Clearly, this is a new age of sports journalism.

It's almost frightening to consider what modern journalism would do with another DiMaggio-Marilyn Monroe romance.

One thing is certain: There would be a lot of action in the paperback book division.

Already, three Kerrigan biographies have hit the market, and one Harding book is out.

And two writers from The Oregonian, Harding's hometown newspaper, soon will have a book published on the fallen star.

"This is like Wrestlemania on ice," said Wayne Coffey, co-author of the book, "Dreams of Gold: The Nancy Kerrigan Story."

Coffey and his fellow New York Daily News writer Filip Bondy wrote the 30,000-word book in 4 1/2 days.

St. Martin's Press rushed 200,000 copies into print.

Coffey's brother, Frank, and Joseph Layden countered with a book of their own -- "Thin Ice: The Complete Uncensored Story of Tonya Harding."

"Just when you think the story is petering out, something else happens, and it's back on the front page," Wayne Coffey said.

Consider: the attack and the videotaped aftermath of Kerrigan screaming, "Why me?"

The arrests of the alleged participants. The confessions. The arrest of the ex-husband. The astonishing performance by the ex-husband's attorney, who all but convicted Harding in a news conference.

And the equally astonishing tale of how the story leaked out: a sex-telephone operator, in contact with the father of the bodyguard, notified the Detroit police.

PD And don't forget the FBI transcripts, which detailed that the al

leged plotters briefly considered hiring a sniper to shoot Kerrigan.

"You've got a true crime story," Frank Coffey said. "You've got the gang that couldn't shoot straight and an attack on Snow White. This is about the ugliest thing to happen in sports. Forever."

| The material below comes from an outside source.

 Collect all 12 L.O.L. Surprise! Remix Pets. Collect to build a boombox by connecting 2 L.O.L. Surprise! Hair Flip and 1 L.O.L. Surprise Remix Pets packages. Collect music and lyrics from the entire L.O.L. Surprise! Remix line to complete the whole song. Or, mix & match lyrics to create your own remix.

Believe it or not, it will come to an end. Unlike the other tabloid stories of the 1990s, there is a deadline: the women's gold medal will be awarded Feb. 25.

"This has got everything in it," Gentile said. "That is what we start to look for. That is the sensational stuff that becomes dominant news. If you can have any shred of violence and sex in a story, you're in business."

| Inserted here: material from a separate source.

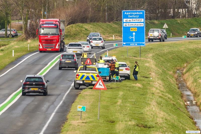 Appingedam – Zaterdagmiddag heeft zich een ongeval voorgedaan op de N33 vlak voor Appingedam. Niemand

And so are the oddsmakers.

At the Las Vegas Hilton, Kerrigan is a 4-1 favorite to finish ahead of Harding at the Olympics.

But the bets are only good if both skaters perform. Otherwise, the sports book will issue refunds.

Hilton spokeswoman Kathy Shepard said: "We're getting a lot of action. At first, we were getting the action on Kerrigan. But then it started swinging the other way to Harding. People like the underdog."